Ron Carter played in the recording session of May 5, 1964, but on May 6 he was replaced by bassist Richard Davis. In “My Heart Stood Still,” Getz’s tenor sounds somewhat muffled on the CD, and Davis more in the background. This track is brighter and more open on the new LP, with a deeper, slightly wider soundstage that lets the instruments register more clearly. Ludwig’s 1976 vinyl mastering is more exciting and detailed, with Getz’s sound in particular reaching out into the room and Jones’s cymbal work shining, and Davis’s bass lines have slightly more emphasis.
The new LP does create a wider soundstage than the earlier vinyl, and gives the drums, especially, more room -- but Jones’s solo in Rodgers and Hart’s “My Heart Stood Still” generates more heat in Ludwig’s mastering.

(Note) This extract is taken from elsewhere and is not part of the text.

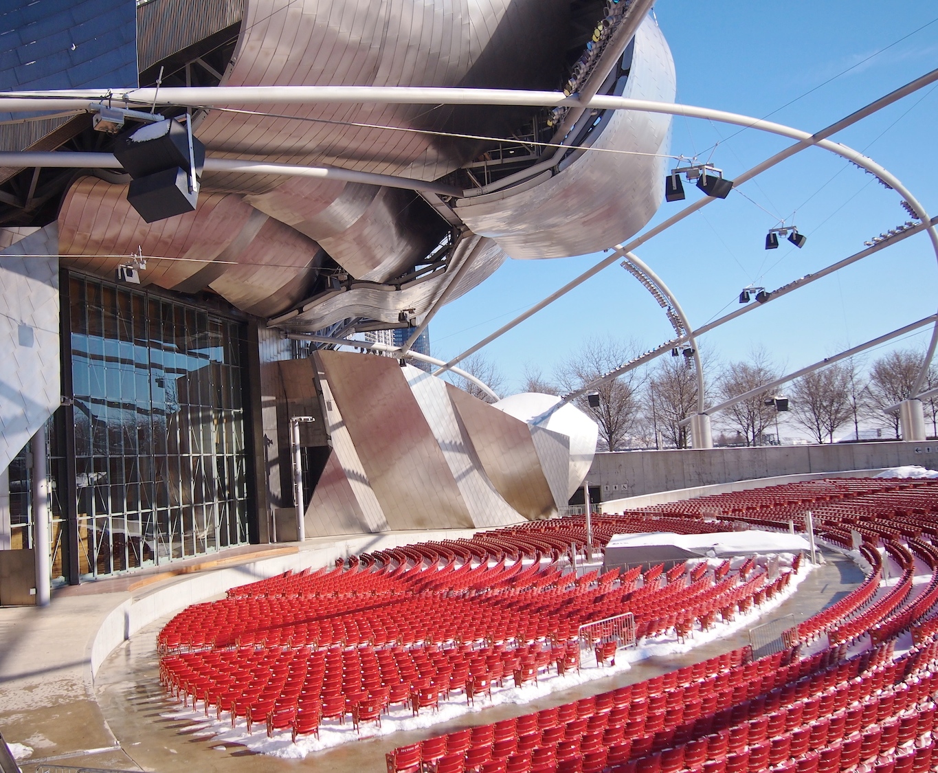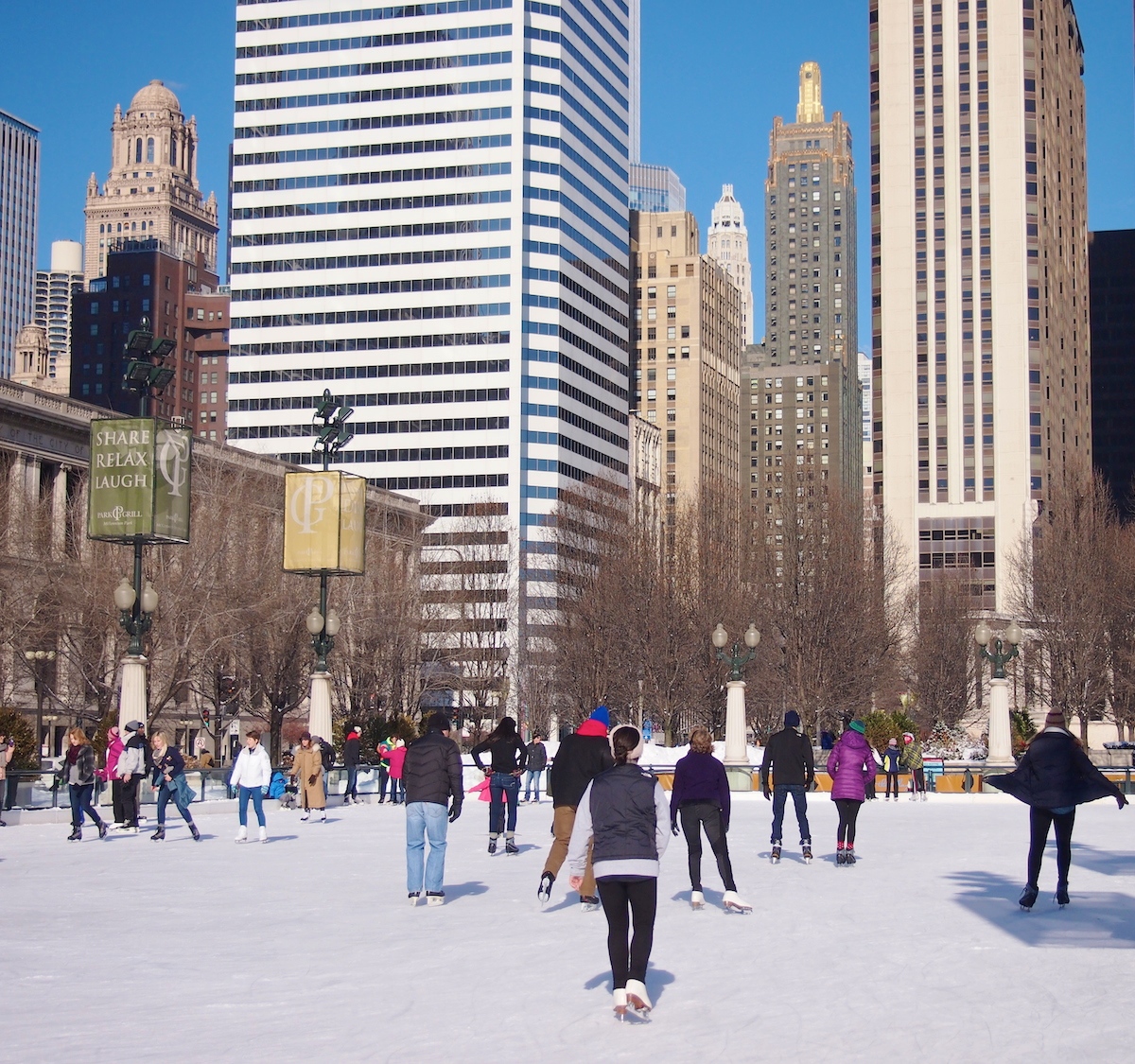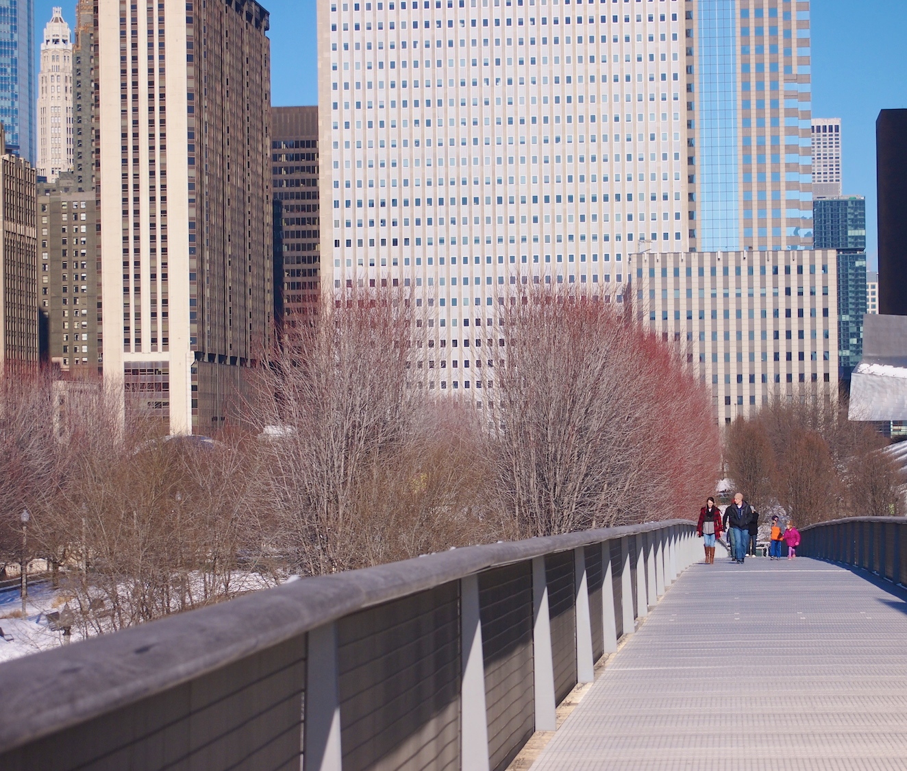 Mutta se keväinen hetki, silloin me satuimme kävelemään Millenium-puiston ohi ja vaikka talvinen puisto ei ollut kaupungin nähtävyyksistä listallamme ihan ykkösenä, oli se kuitenkin lopulta aika hauska kokemus. Puisto on varmasti erittäin vilkas paikka kesäisin, mutta kyllä porukkaa riitti myös keväisenä sunnuntaipäivänä. Mieleen jäi erityisesti luistinrata pilvenpiirtäjämetsän reunalla ja yläilmoihin tehty kävelytiesilta. Kesäisin avoinna oleva suuri näyttämö vetää varmasti paljon väkeä, vaikka nyt paikalla oli vain yksinäinen lumenluoja (miksi ihmeessä sieltäkin pitäisi talvella kolata lumet?).

In the opening of “Grandfather’s Waltz,” Evans’s piano has more body and resonance on the earlier LP, but sounds convincing and natural on the new one in a way the CD doesn’t convey.
The first few times I compared the 2019 and 1976 LPs, I leaned strongly in favor of the latter -- but as I continue to play the new pressing, I find I enjoy its openness and sense of space. It’s cut at a lower level, but increasing the volume adds life and scale to the music. Ludwig’s mastering is a more thrilling listen -- both bassists’ attacks seem stronger -- but I warmed up to the new LP’s bigger soundstage and somewhat clearer picture of the instruments.
Because this reissue sounds best at somewhat higher volumes, it’s a good thing the vinyl itself is so quiet. This is the third or fourth recent LP pressed by GZ Media that I’ve heard, and I’ve been consistently impressed with how flat, clean, and quiet they are. If you don’t have Stan Getz & Bill Evans on vinyl, you’ll be pleased with this edition -- but I advise you to first look for a copy of The Chick Corea/Bill Evans Sessions. In addition to all its good sonic qualities, it also includes Getz’s Sweet Rain, a terrific 1967 session by Chick Corea, Ron Carter, and Grady Tate.